We've been experimenting in the last couple of days with Datafusion (31.0) and we've been comparing performances with our existing ClickHouse setup. To do so, we have exported a 5GB Parquet dataset, and building some UDFs we managed to replicate some of our queries.

In the end we are running a single quite simple query over the same Parquet dataset on the same mac with both Datafusion and ClickHouse. ClickHouse is always answering in about 700ms while Datafusion in 1.2s.

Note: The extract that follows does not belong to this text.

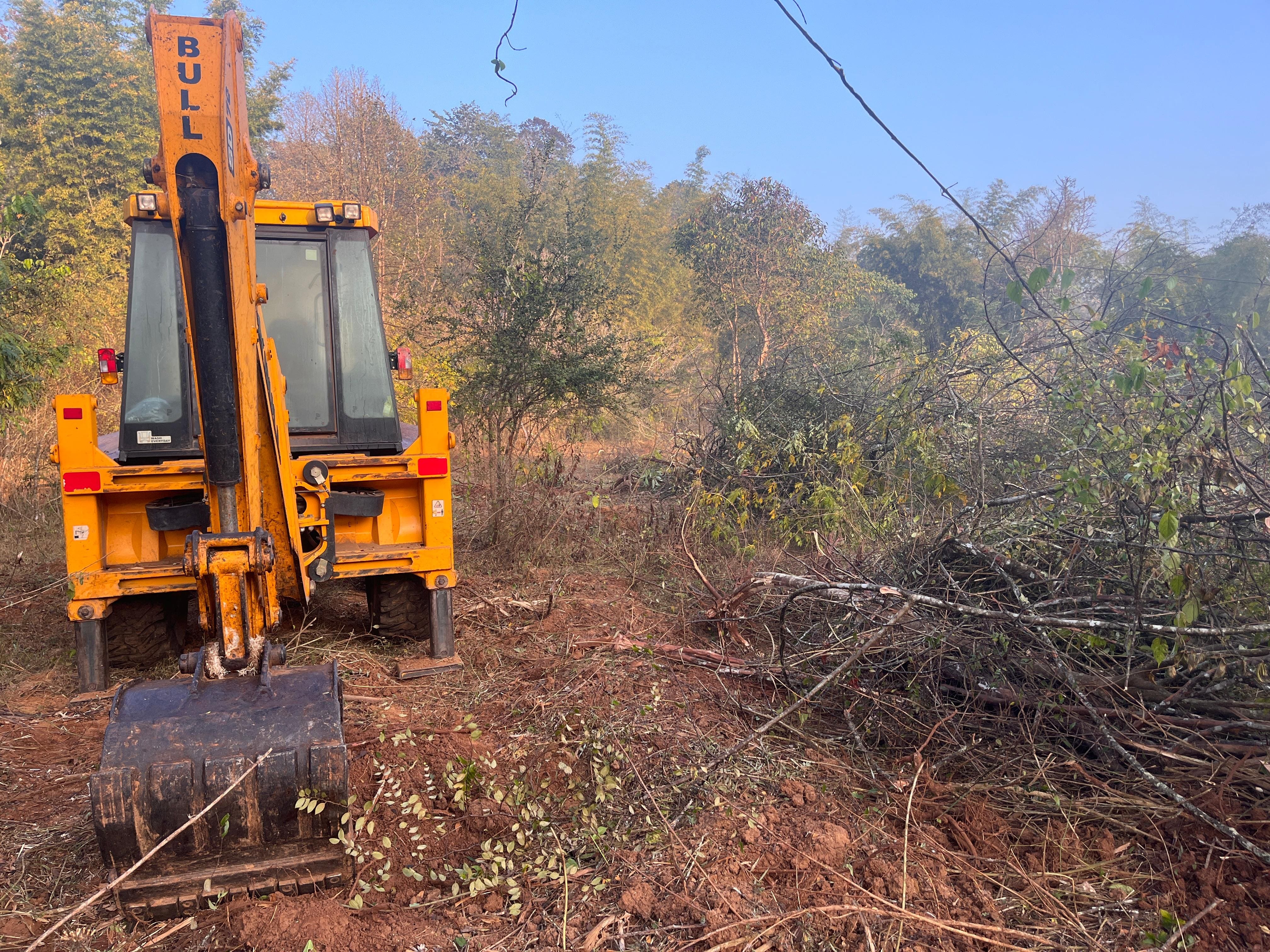 ಅಭಯಾರಣ್ಯದಲ್ಲಿ ಜೆಸಿಬಿ ಬಳಕೆ ಮಾಡಿ ಕಳೆ ಕಿತ್ತು ಹಾಕುತ್ತಿರುವುದು.

I've tried multiple settings, verified it was not our UDF causing it, checked there was no cache on ClickHouse, and I couldn't make it any faster with Datafusion. According to the EXPLAIN ANALYZE the poor performances are coming from the Parquet phase.

I have to confess that we are beginners in Rust and we might have missed something, hence this message.
Here is the EXPLAIN ANALYZE of our query, if it can help:

Plan with Metrics | ProjectionExec: expr=[SUM(my_table.sign)@0 as tcount, SUM(my_udf(my_table.nested_field.array_column,List([custom_string])) * my_table.sign)@1 as _ccount_1], metrics=[output_rows=1, elapsed_compute=584ns]
     AggregateExec: mode=Final, gby=[], aggr=[SUM(my_table.sign)@0 as tcount, SUM(my_udf(my_table.nested_field.array_column,List([custom_string])) * my_table.sign)], metrics=[output_rows=1, elapsed_compute=48.459µs]
        CoalescePartitionsExec, metrics=[output_rows=20, elapsed_compute=5.708µs]
            AggregateExec: mode=Partial, gby=[], aggr=[SUM(my_table.sign)@0 as tcount, SUM(my_udf(my_table.nested_field.array_column,List([custom_string])) * my_table.sign)], metrics=[output_rows=20, elapsed_compute=4.769958246s]
                ProjectionExec: expr=[sign@0 as sign, nested_field.array_column@3 as nested_field.array_column], metrics=[output_rows=6185527, elapsed_compute=396.238µs]
                    CoalesceBatchesExec: target_batch_size=8192, metrics=[output_rows=6185527, elapsed_compute=168.795215ms]
                        FilterExec: int_column@1 = 2 AND (CAST(string_column@2 AS Utf8) !~* (.*.|)(word1|word2|word3|word4).*), metrics=[output_rows=6185527, elapsed_compute=652.683132ms]
                            ParquetExec: file_groups={20 groups: [[path/to/parquet/my_dataset.parquet:0..262363404], [path/to/parquet/my_dataset.parquet:262363404..524726808], [path/to/parquet/my_dataset.parquet:524726808..787090212], [path/to/parquet/my_dataset.parquet:787090212..1049453616], [path/to/parquet/my_dataset.parquet:1049453616..1311817020], ...]}, projection=[sign, int_column, string_column, nested_field.array_column], predicate=int_column@5 = 2 AND (CAST(string_column@79 AS Utf8) !~* (.*.|)(word1|word2|word3|word4).*), pruning_predicate=int_column_min@0 <= 2 AND 2 <= int_column_max@1, metrics=[output_rows=6185527, elapsed_compute=20ns, page_index_rows_filtered=0, predicate_evaluation_errors=0, file_scan_errors=0, row_groups_pruned=13, num_predicate_creation_errors=0, file_open_errors=0, pushdown_rows_filtered=2880077, bytes_scanned=311061152, time_elapsed_processing=5.335386071s, pushdown_eval_time=781.00424ms, time_elapsed_scanning_until_data=1.472284126s, time_elapsed_opening=3.032638581s, time_elapsed_scanning_total=18.9360584s, page_index_eval_time=1.318µs]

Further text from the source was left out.